O presidente norte-americano, Donald Trump já tinha afirmado sábado que renuncia aos impostos sobre as importações de aço e alumínio aplicados à União Europeia, se os 28 abdicarem das barreiras aos produtos dos Estados Unidos (EUA).
Os impostos de 25% sobre as importações de aço e 10% sobre as de alumínio anunciadas por Trump têm sido criticadas pelos europeus e outros parceiros comerciais dos EUA, como o Japão, mas ainda não foi encontrada uma solução nas conversações entre representantes das três partes, em Bruxelas.
“A União Europeia, países maravilhosos que tratam muito mal os Estados Unidos no comércio, queixam-se dos impostos sobre o aço e o alumínio. Se eles abandonarem os seus horríveis obstáculos e os seus direitos aduaneiros sobre produtos norte-americanos, nós abandonaremos os nossos. Se não, taxamos as viaturas, etc. Justiça!”, escreveu o presidente na rede social Twitter.
Depois do encontro, na capital belga, os europeus manifestaram o seu desapontamento ao representante norte-americano do Comércio, Robert Lighthizer. A reunião incluiu ainda a comissária do Comércio Cecilia Malmström e o ministro japonês da Economia, Hiroshige Seko. O Japão, como a União Europeia, exige isenção dos impostos.

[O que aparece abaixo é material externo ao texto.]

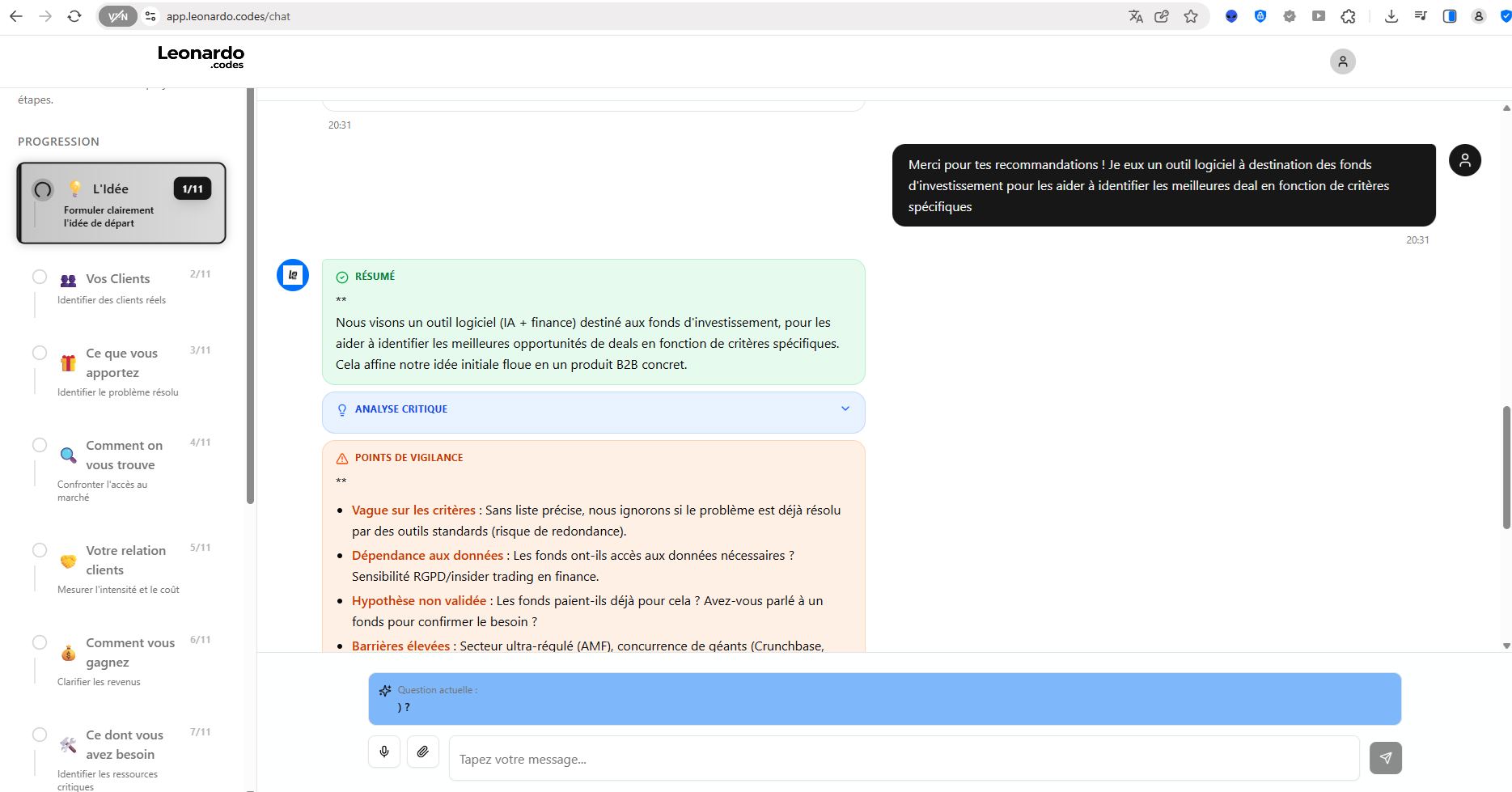 Leonardo ne te laisse pas rester dans le flou. Il remet en question ton idée, te pousse à préciser, et t’oblige à structurer ce que tu veux vraiment construire. Tu passes de “ça pourrait marcher” à quelque chose de clair, logique et cohérent.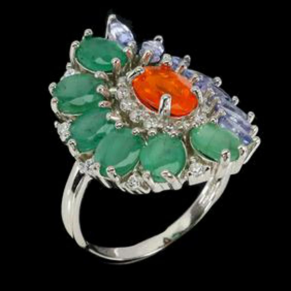 925 STERLING SILVER;PLATE-14K WHITE GOLD;RING SIZE-6(RESIZABLE);MAIN STONE-ORANGE OPAL;OTHER GEMS-EMERALD, TANZANITE;TOTAL WEIGHT-5.09 GRAM (TOTAL WEIGHT OF SILVER + STONE);DIMENSION-* STONE 4.0 X 2.0 TO 7.0 X 5.0 MM. * RING SIZE 6.0 * FACE RING 23.0 X 15.0 MM.;MAIN STONE SHAPE-OVAL;MAIN STONE COLOR- ORANGE;CLARITY/GRADE-IF TO VVS;ORIGIN-ETHIOPIA/COLOMBIA;HARDNESS-5;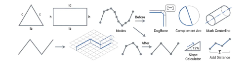 Doskonal geometrię za pomocą dedykowanych narzędzi do konwersji 2D–3D i optymalizacji węzłów. Wykorzystaj wstawianie wierzchołków, best-fit polilinie i interpolację. Moduł zapewnia precyzyjne funkcje analizy odległości i spadków.

Os EUA vão começar a aplicar tarifas aduaneiras de 25% às importações de aço e de 10% às de alumínio dentro de 15 dias, com o Canadá e o México excluídos destes direitos aduaneiros, anunciou na quinta-feira a Casa Branca.
Entretanto, o presidente do Conselho Europeu, Donald Tusk, advertiu os EUA de que as guerras comerciais “são más e fáceis de perder”. Macron também falou com Trump, na sexta-feira, tendo o Presidente francês sublinhado que “tais medidas visando países aliados, que respeitam as regras do comércio mundial, não seriam eficazes para lutar contra as práticas desleais”. Macron preveniu ainda Trump que “a Europa vai responder de forma clara e proporcionada contra qualquer prática infundada e contrária às regras do comércio mundial”.